A lot of people have online dating horror stories, but honestly, the all of three people I met were relatively nice and well-adjusted. I actually joined OKCupid to see what kind of moronic messages I’d get so that I could be mean to said morons, and all I got was one guy talking about his farts. There was one other who simply say ‘dtf?” and I replied with ire and he pulled the whole “OH I WAS JUST JOKING YOU SEEM NICE, HAVE A GOOD LIFE” Everyone else was either sending “HI” messages or relatively nice messages making it clear they read my profile. Maybe it’s because I’m average looking? Who knows. So that’s my experience with OKCupid. I hear Tinder is more for hooking up than it is serious dating, but it’s all in what effort you put into it. So I’d say just try it out for a few weeks and see how it goes.

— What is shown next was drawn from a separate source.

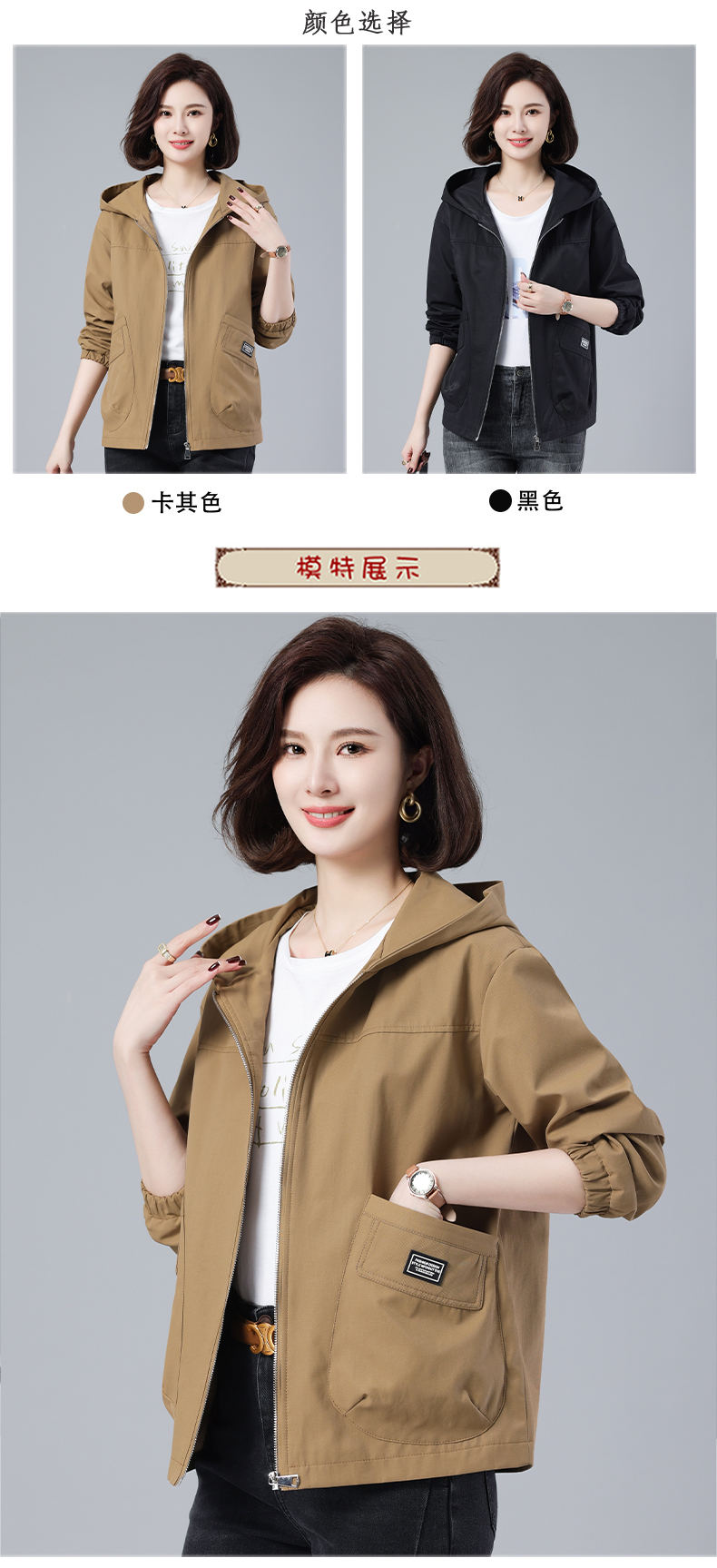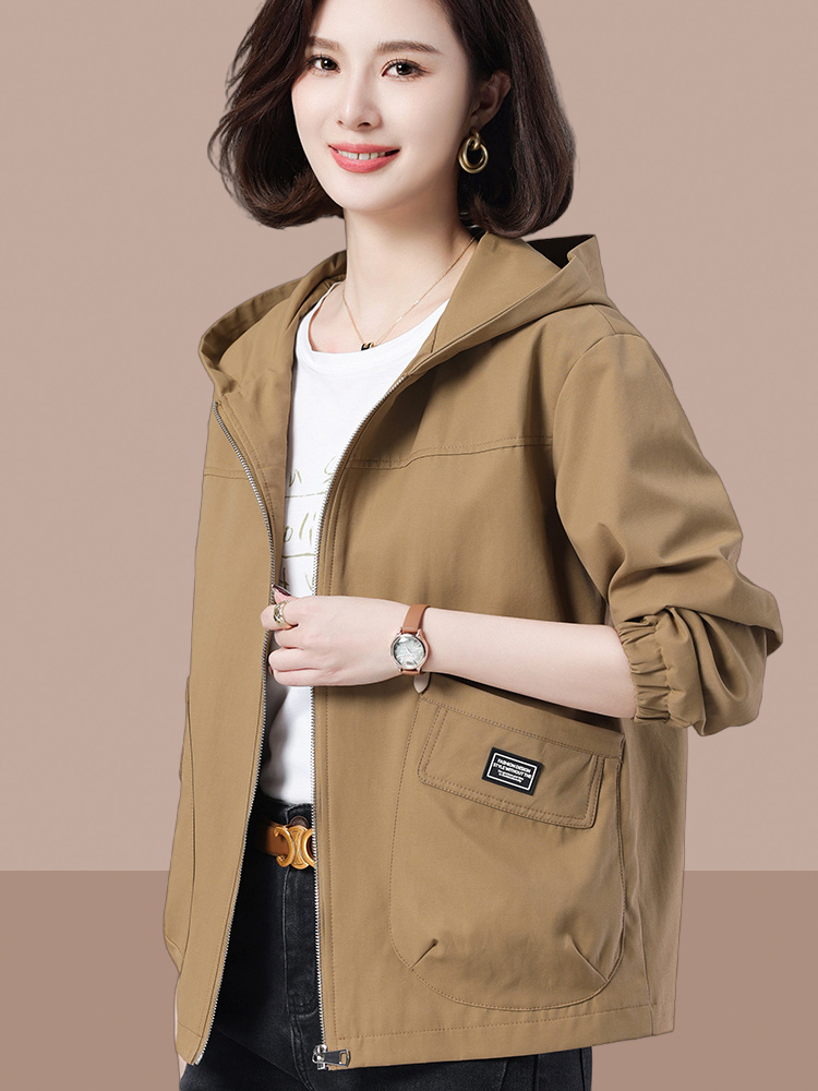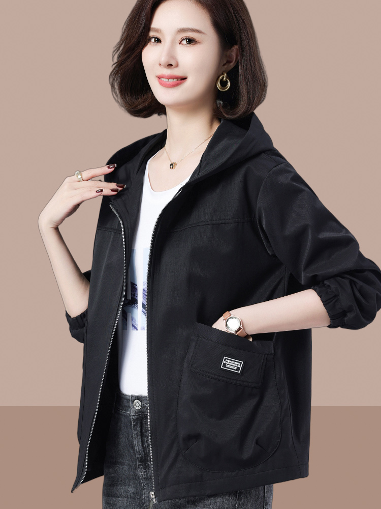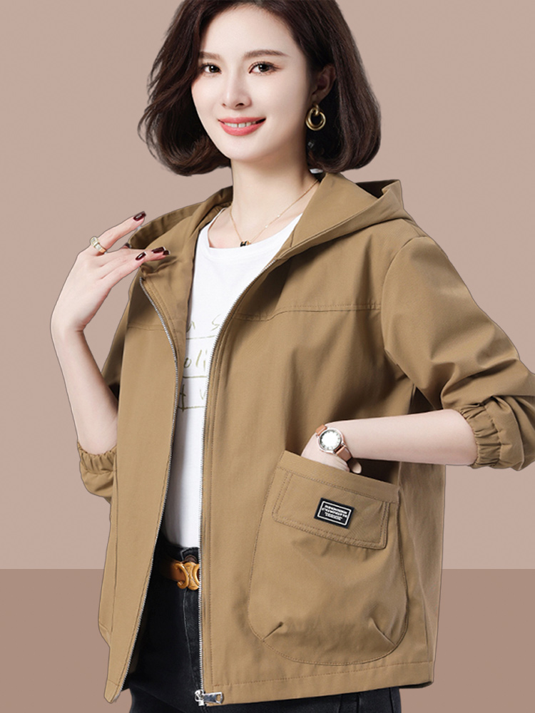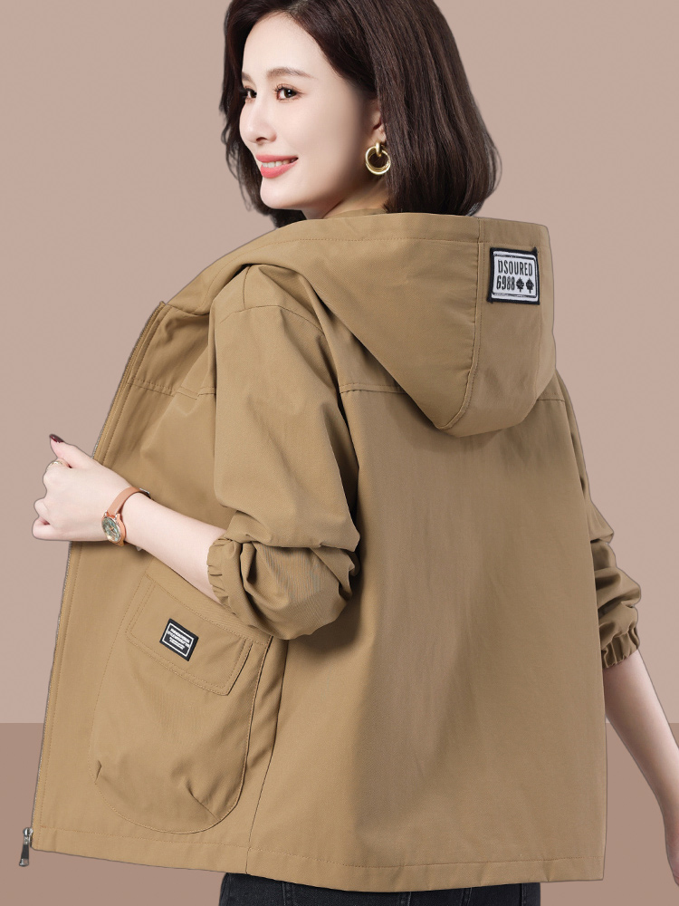 Casual Plus Size Loose Hooded Women's Short Jacket 2025 Spring and Autumn New Middle-aged and Elderly Mom Outfit Age Reduction Jacket

(I didn’t end up dating any of these people because I realized I had no fucking clue what I was doing, so I quit doing that. But two of the three were very nice and if I were romantically inclined, the first one may have worked out)

sunnysombrera
9 years ago

@Catgirl
I also support the decision to drop that manipulative asshole douchbag like the sack of shit he is. You owe him nothing. Cut ALL ties, EVERY LAST ONE, tell him you never want to hear from him again, and if he chooses to contact you anyway say that you’ll track and monitor his communications. If he crosses into stalker territory you’ll have the cops on him faster than he can imagine. You don’t need to say why – in fact if you do, he’ll likely just whine and gaslight and use that reasoning against you. I’m sorry you had such a terrible encounter with him. Like others have said it’s up to you to define what he did as rape or not, but to me the whole story does reek of him taking advantage of a drunk date.

sunnysombrera
9 years ago

Ugh. It’s quarter to one in the morning and my brother is freaking out because my dad accidentally broke his laptop. A hinge has busted so that the screen won’t close. He’s insisting that the thing is unfixable and he’ll have to spend hundreds on a new computer (because apparently he “doesn’t do second hand”). I know little about these things so can someone confirm for me that laptop repair shops can EASILY fix hinges, for cheap? I mean come on.

amadangelandme
amadangelandme
9 years ago

@Catgirl: That sounds a lot like something that happened to me as well. I also remember being astounded at how fast I had gotten drunk that night and how disoriented I felt. Maybe there was something else involved too?
I wish you all the best and I think that accepting that job may be a perfect opportunity for you to escape his unwanted (and from what you wrote I gather also stalkerish?) presence and be able to heal. In no way should you feel like you owe him anything. Nothing. Nada!
Many well-wishes to you!

Alan Robertshaw
Alan Robertshaw
9 years ago

I think I’ve mentioned before that I have a sideline involvement in military fitness type stuff. We’ve got a regular company and a Community Interest Company. Essentially we’re trying to reach out to people who want to get more active but, for various reasons, are put off from doing so. We have a particular remit to reach out to women and young people.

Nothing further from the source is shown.